Jerry Davich: POW’s diary closer to home, thanks to you
Jerry Davich firstname.lastname@example.org May 28, 2012 8:56PM
Rev. Gary Nagy is hoping to track down the family of WWII POW Doyle Waggoner of Shreveport, LA who used a prisoner of war food package to record addresses and recipes on scraps of paper and paper bags during his captivity. The book is displayed at Trinity Lutheran Church in Hobart, Ind. Wednesday May 9, 2012. | Stephanie Dowell~Sun-Times Media
Updated: May 29, 2012 2:54PM
Thanks to a few Post-Tribune readers, the decades-old diary of a World War II prisoner of war is closer to its rightful home.
“You got done in three days what I have tried over 10 years,” said Pastor Gary Nagy of Trinity Lutheran Church in Hobart. “This was the right time and the right place with the right people. It’s remarkable.”
Last Monday’s column chronicled the sad story of Doyle Waggoner, a U.S. Navy seaman who was a POW in the Philippines. The Shreveport, La., man was tortured to death by Japanese soldiers for stealing rice, according to news accounts.
But more gruesome details of his captivity and death were unearthed by a handful of P-T readers, including local librarians and military history buffs.
Linda Herrick Swisher, public information coordinator at the Hammond Public Library, immediately jumped on this complicated genealogy project.
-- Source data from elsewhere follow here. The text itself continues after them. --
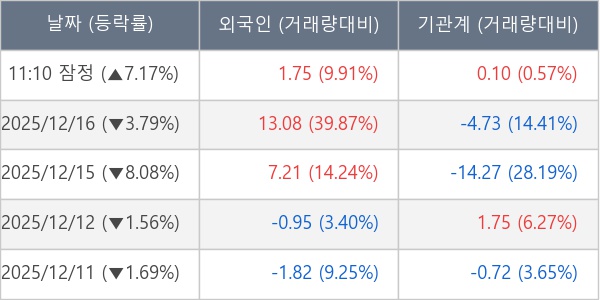 [표] 외국인ㆍ기관 순매매량 (단위 만주)
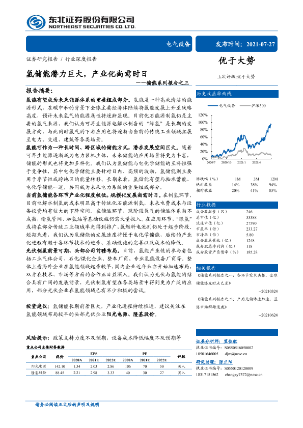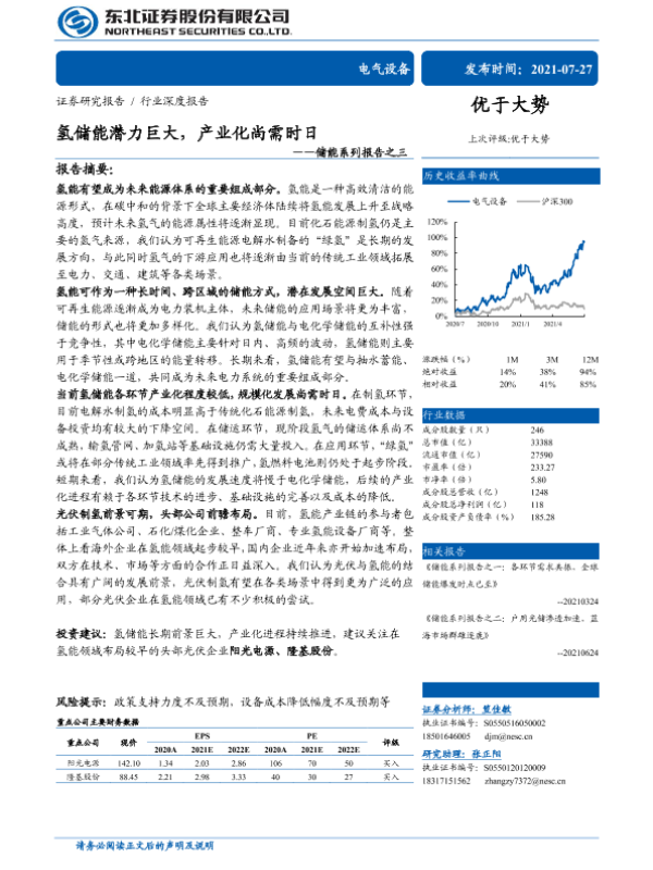 【东北证券】【20210727】氢储能潜力巨大,产业化尚需时日-32页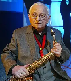 Jerzy "Duduś" Matuszkiewicz (Polish pronunciation: [ˈjɛʐɨ matuʂˈkʲɛvit͡ʂ]; 10 April 1928 – 31 July 2021) was a Polish jazz musician and composer, playing saxophone, clarinet and piano. Between 1950 and 1958, he was leader of the jazz group Melomani. From 1965, he focused on composing music for films. He was a pioneer of the post-World War II jazz movement in Poland, regarded as a "Founding Father" of Polish jazz.[1] He is best known for composing the music for the Polish TV series Janosik.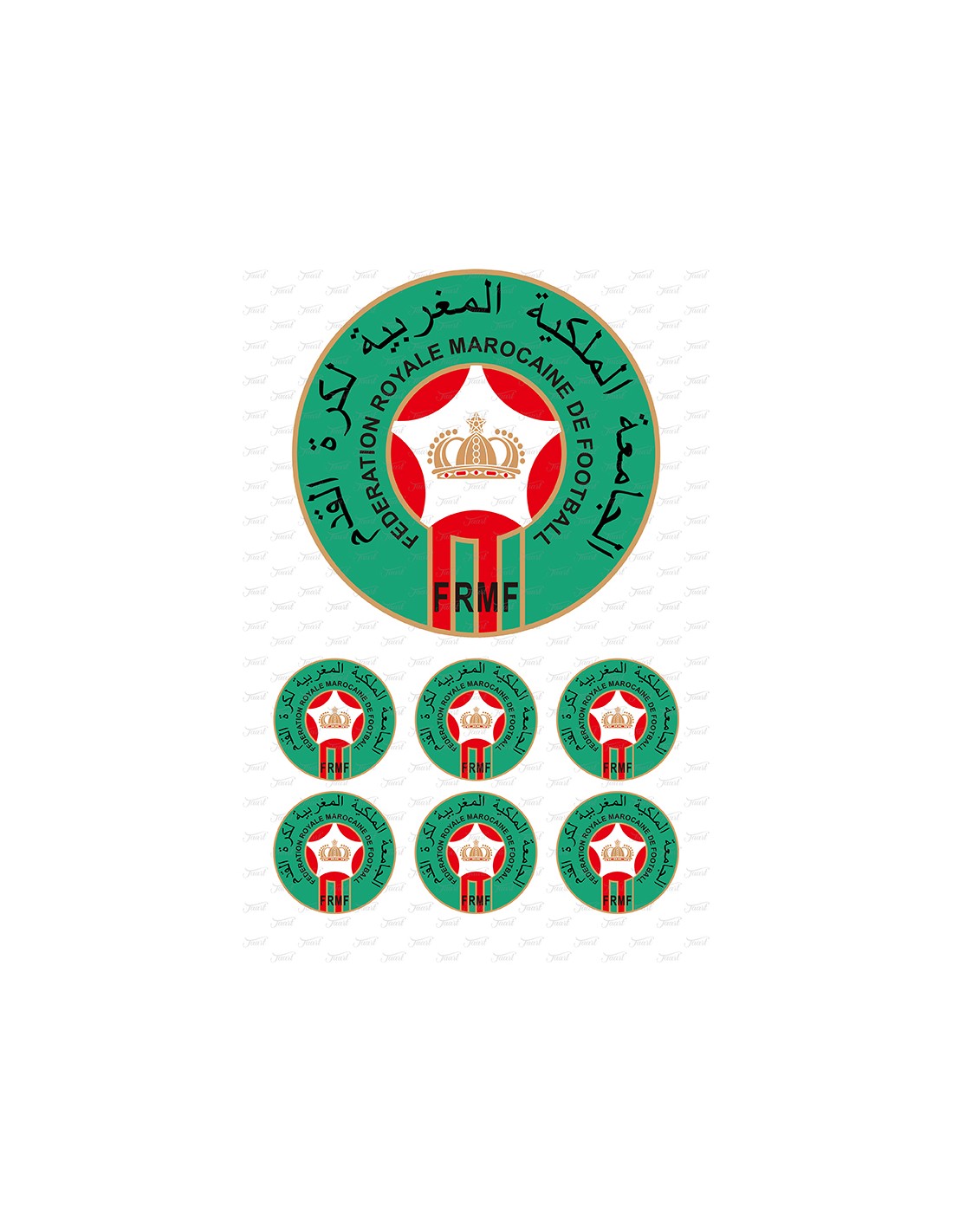 Een afbeelding van de Marokkaanse voetbalbond op een formaat van 15cm doorsnede. U ontvangt extra 6 kleine afbeeldingen van 5cm doorsnede.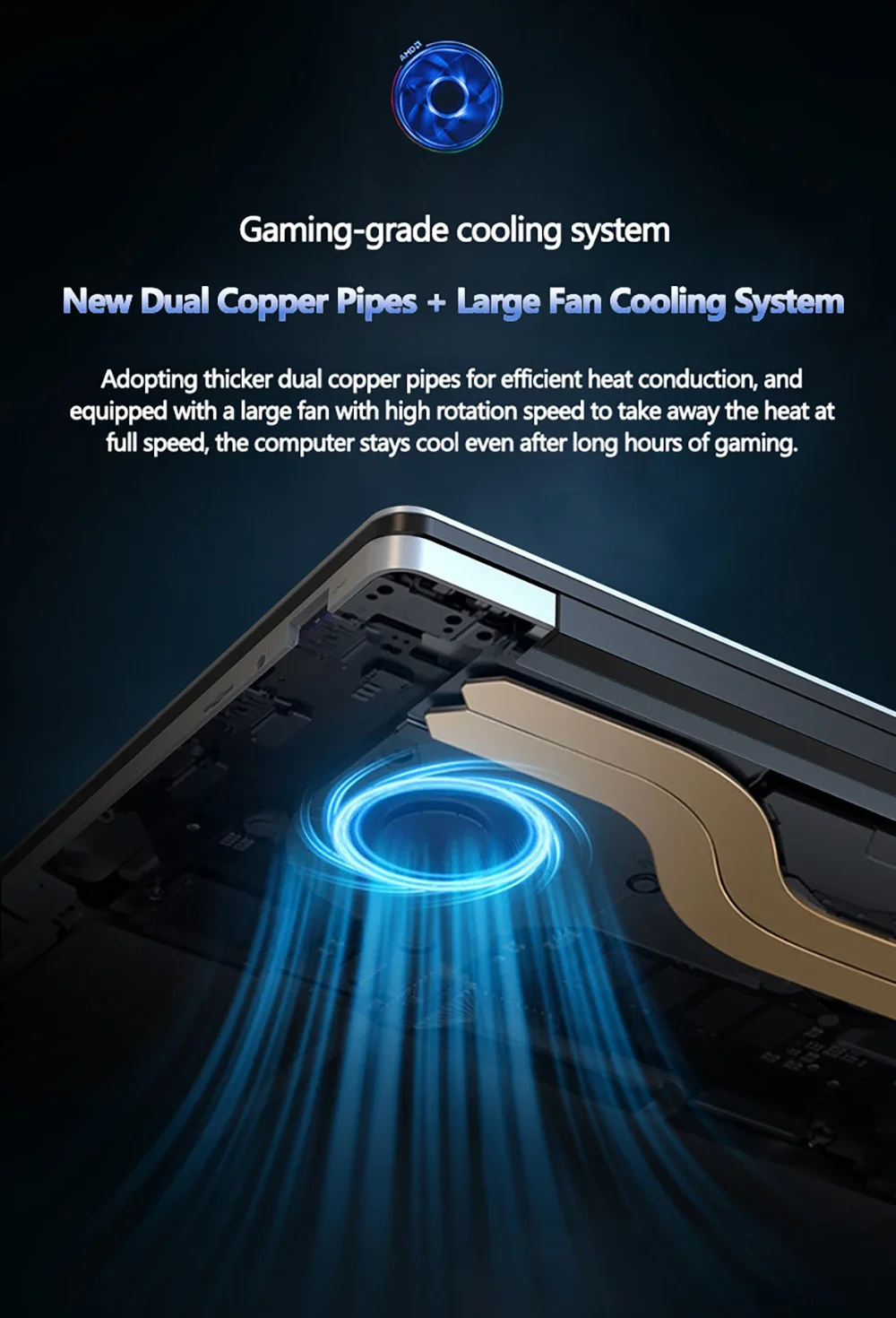 Adopting thickened double copper tubes for efficient heat conduction,And equipped with high-speed large fans to take away heat at full speed,Even if playing games for a long time, the computer can always stay cool.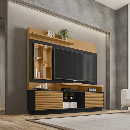 El Centro de Entretenimiento Marcus Natural, Negro combina estilo moderno y funcionalidad. Ideal para televisores de hasta 65", cuenta con dos puertas corredizas, cuatro nichos, dos espejos decorativos y una repisa removible para personalizar el espacio. Su contraste en tonos madera y negro aporta elegancia y carácter a tu sala.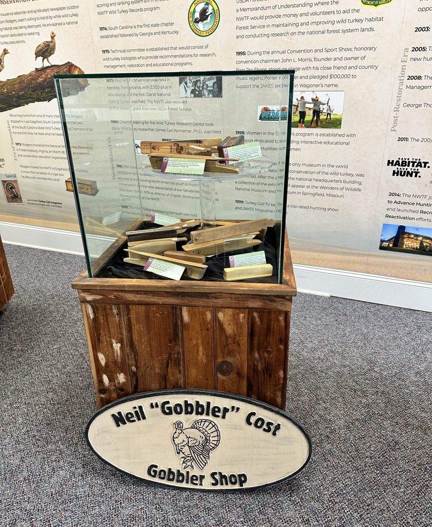 A centerpiece of the exhibit includes handcrafted turkey calls from master call maker Neil Cost, showcasing the craftsmanship and tradition deeply rooted in turkey hunting culture. The display also features wild-turkey-themed American folk art, historic NWTF items and interpretive elements that connect visitors to both the organization’s legacy and its future.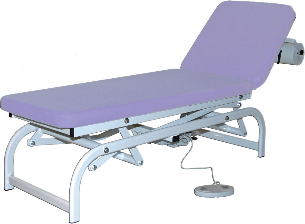 Lettino regolabile in altezza elettricamente tramite pedale, e dotato di testata facilmente regolabile mediante un sistema meccanico.

So did Liz Thomas, a retired librarian and member of Trinity Lutheran.
I also contacted a fellow newspaper journalist in Shreveport who has joined in the search for Waggoner’s family there, so someone can sign off to donate his diary to a museum.
“In our Dec. 9, 1941, newspaper, we ran a photo of Doyle Waggoner and some family info, but I can’t find his parents here,” said John Andrew Prime, local desk editor at the Shreveport Times. “He’s buried in Arlington National Cemetery so I emailed a friend who works there to get a reburial date.”
Waggoner was reportedly cremated in 1945, but his remains were apparently buried at Arlington in 1948.
Waggoner’s makeshift diary is made from a cardboard box and brown paper bag pages, strung together with leftover string and a thread of hope. It’s filled with page after page of hand-etched recipes for meals that he dreamed of eating while being held captive.
“(Waggoner) went a bit mental and used to raid the cook house at night for food,” states a witness affidavit after the war ended. “He had tried to commit suicide by cutting his throat but did not succeed.”
Waggoner was beaten and tortured, then tossed in a cell for several days.
After the 10th day, “He was lying on the bed covered in human dung and soaked with urine. He was trying to get water that was coming through a (hole) in the roof. His reasoning was entirely gone.”
The next day he was reported dead.
“Sadder than I could ever begin to imagine,” Pastor Nagy told me after reading the details. “I only hope his mom never got the gruesome details.”
Stay tuned for another update and, hopefully, the conclusion of this saga.
My recent column on region residents misusing the 911 emergency phone line caught the attention of many readers, including a few police department 911 dispatchers.
“Thank you for bringing the concept of using 211 to light,” one dispatcher said. “Unfortunately, lazy people (which there is no shortage of) will continue to use 911 as their default call, without regard for citizens who have actual emergencies.”
The day my column ran, I was shown two police reports. Both showed calls to police for similar reasons, and neither was an emergency.
“Needs help getting dog into car so she can take it to the vet,” one report stated.
“Animal defecating in his yard and he would like animal control to take a look at it and see if he could tell what kind of animal it is,” stated another report.
The dispatcher noted, “As I learned during my EMT and paramedic training, an emergency is whatever the caller perceives an emergency to be. As such, the misuse of the 911 system will continue until there are enforceable penalties.”
Interesting concept, but I don’t see it becoming a reality.
Learning to crawl
I am convinced that someday in our country, hopefully not in the distant future, we will view our ignorance, arrogance and bigotry about gay rights issues as we now view with astonishment the same ignorance, arrogance and bigotry about our shameful past. Say, about abolishing slavery, equal rights for women and civil rights for all.
Remember, there are still many Americans today — in 2012 — who are quietly convinced we should return to those “good ol’ days” of yesteryear when blacks and women were second-class citizens, and anyone who didn’t look, act and pray like them were deemed evil. Or, worse yet, subhuman.
Not only is our country still in its infancy, but so is our species. I just wonder if we’re toddlers, children or adolescents at this point.